We all know we had a gold standard. We left it. We started running massive amounts of debt, as have most other first world nations. This rocket fuel of debt has powered unlimited global warfare and an unlimited expansion of the social service welfare state which in turn has enslaved the States to the Federal Government through "free money" pay-to-play leftist totalitarianism upending what was left of State sovereignty, and allows vote buying on a megalithic scale for whichever side of the uniparty is handing out "free" stuff thus stacking the deck in favor of centralized command-and-control Leftist/Socialist micro-management with surveillance saturation of the body politic. No end in sight, all fueled with debt.
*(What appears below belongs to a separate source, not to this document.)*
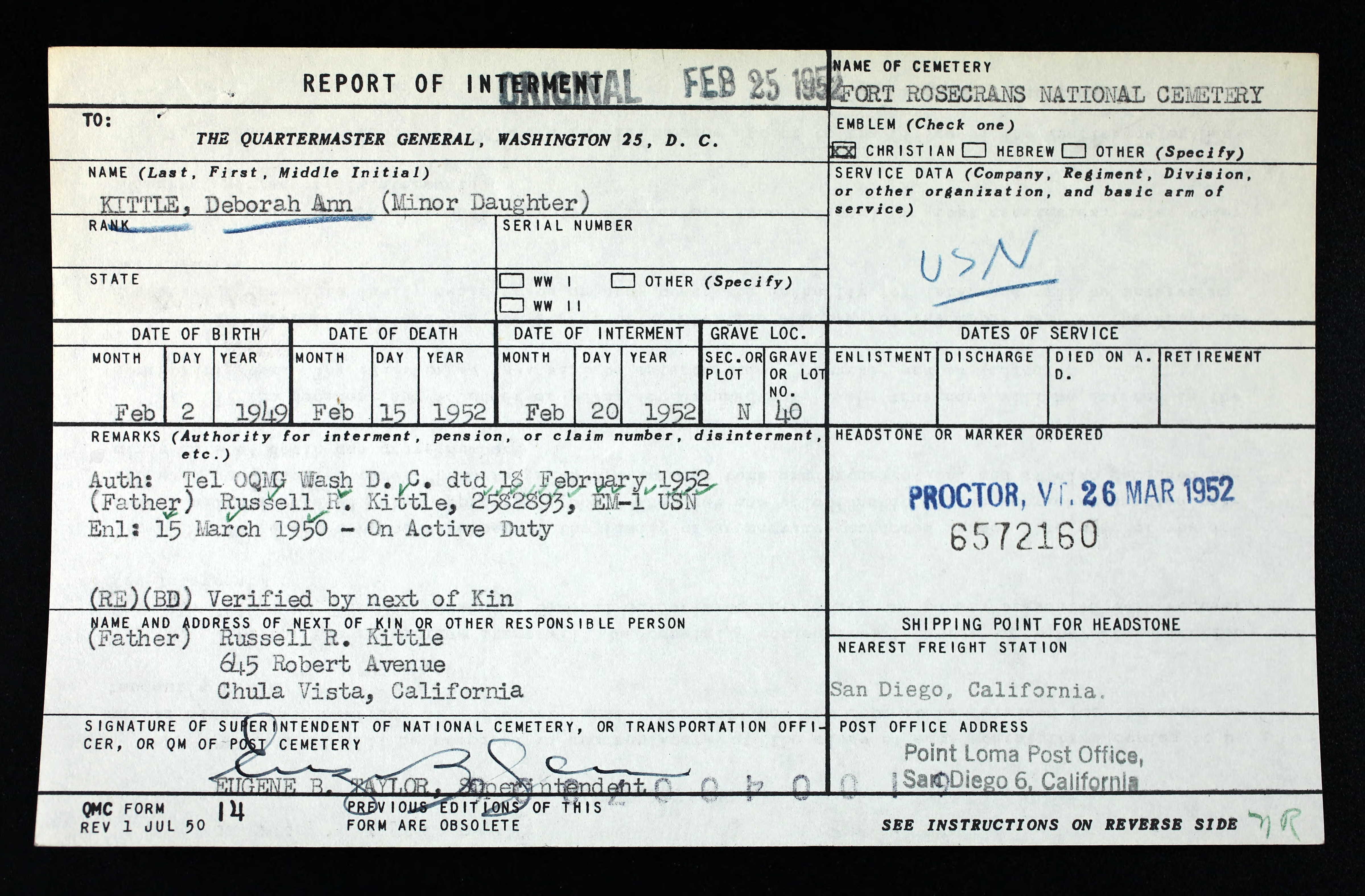 Buried with paternal grandfather. |

We thought debt finally mattered in 2001, but it didn't. We thought it mattered in 2007, but it didn't. And when I say "it didn't" I mean that the bankers or whatever powers you want to attribute this to were able to cobble together a defensive strategy and prop our debt spending back up. It would seem that to repeat the same mistake three times suggests insanity, but they cannot all be insane, therefore it must be deliberate. If it is deliberate then they must know what they are doing is going to lead to a negative event as the same actions have done in the past, and if they know a negative event is inevitable then they must have a plan to deal with it (prop it up) again, or some other goal.

Slight digression...

In fact, if we were to choose between them being insane (or inept), or their actions being deliberate, which is preferable - an insane ruling class or a malevolent one? If they are insane, then the market should correct it eventually despite their best efforts as the market forces exceed their administrative forces. If they are malevolent, then everything since 2001 (and earlier) has been intentional, and so are the current bubbles, and for some reason the last two collapses were not large enough for their goal and so they have been intentionally priming the pump with leveraged collapse built upon leveraged collapse for their ultimate finale by creating ever escalating crashes until one of sufficient size permits them to cross the finish line of whatever race they are in. It must be one or the other, crazy (inept) or malevolent, no?

Return to discussion...

And whereas in history we could rely on the check and balance of someone somewhere not willing to play the game, even if out of greed, it seems that every power in the world that matters has agreed to collude in order to maintain this global cartel of control, with none willing to blink and grab the brass ring from the others which suggests that their is a ring more desirable than brass IF they all agree to work together. Otherwise, why work together at all? Why are they working together now? (Such unilateral collusion also suggests malevolent forces at work and not just insane/inept ones).

So now we have surpassed home prices from 2006, student loan debt is at record highs with record default rates, and a wildly inflated stock market, and from what I have heard, a bond market as well. Does it matter?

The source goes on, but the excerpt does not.